Antes de entregar el gobierno, Farrell adoptó una serie de medidas para facilitar la obra de Perón, entre ellas la intervención a todas las universidades y la expulsión de todos los profesores que habían tenido alguna militancia contra él. Cuando Perón ocupó la presidencia el 4 de junio de 1946, continuó la remoción de los cuadros administrativos y judiciales sin detenerse siquiera ante la Corte Suprema de Justicia. Gracias al incondicionalismo del parlamento pudo revestir todos sus actos de una perfecta apariencia constitucional. Esta característica prevaleció durante todo su gobierno apoyado, además, en una constante apelación a la adhesión directa de las masas que, concentradas en la plaza de Mayo, respondían afirmativamente una vez por año a la pregunta de si el pueblo estaba conforme con el gobierno. Entusiastas y clamorosas respondían al llamado del jefe y ofrecían su manso apoyo sin que las tentara la independencia.

El presidente contaba con una floreciente situación económica. Gracias a la guerra mundial el país había vendido durante varios años a buenos precios su producción agropecuaria y había acumulado fuerte reserva de divisas a causa de la imposibilidad de importar productos manufacturados. De 1.300 millones en 1940, las reservas de divisa llegaron a 5.640 millones en 1946, y esta situación siguió mejorando hasta 1950 a causa de las buenas cosechas y de la demanda de productos alimenticios por parte de los países que sufrían las consecuencias de la guerra. La Argentina se hizo pagar a buen precio sus productos, de acuerdo con la tesis poco generosa del presidente del Banco Central, Miguel Miranda, que inspiró la política económica del gobierno durante varios años. Esa circunstancia permitió Perón desarrollar una economía de abundancia que debí asegurarle la adhesión de las clases populares.

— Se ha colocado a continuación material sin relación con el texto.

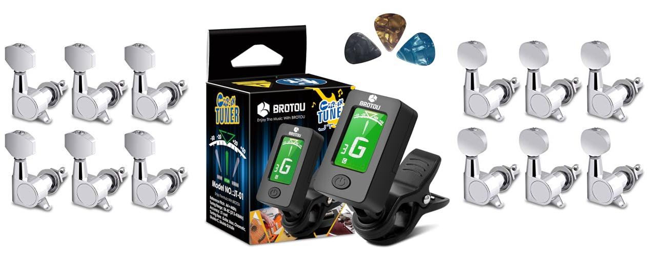 The Holmer Sealed String Tuning Pegs are made for your guitar. These tuning machines are designed for both acoustic and electric guitars. The set includes three left and three right tuners. They are chrome-colored and made from strong zinc alloy. They will replace your old, broken tuners. The tuners have a 1:14 gear ratio for smooth tuning.

Fuera de la legitimidad de su título constitucional, la fuerza del gobierno seguía consistiendo en el apoyo que le prestaban los grupos de poder: el ejército, la Iglesia y las organizaciones obreras. Para mantener ese apoyo, Perón trazó distintas líneas políticas y procuró mantener el equilibrio entre los distintos sectores que lo sostenían. Pero el que más le preocupaba era el sector obrero, en el que sólo él tenía ascendiente y con cuya fuerza debía contrarrestar la de los otros dos, que sin duda poseían su propia política. De ahí la significación de su política laboral.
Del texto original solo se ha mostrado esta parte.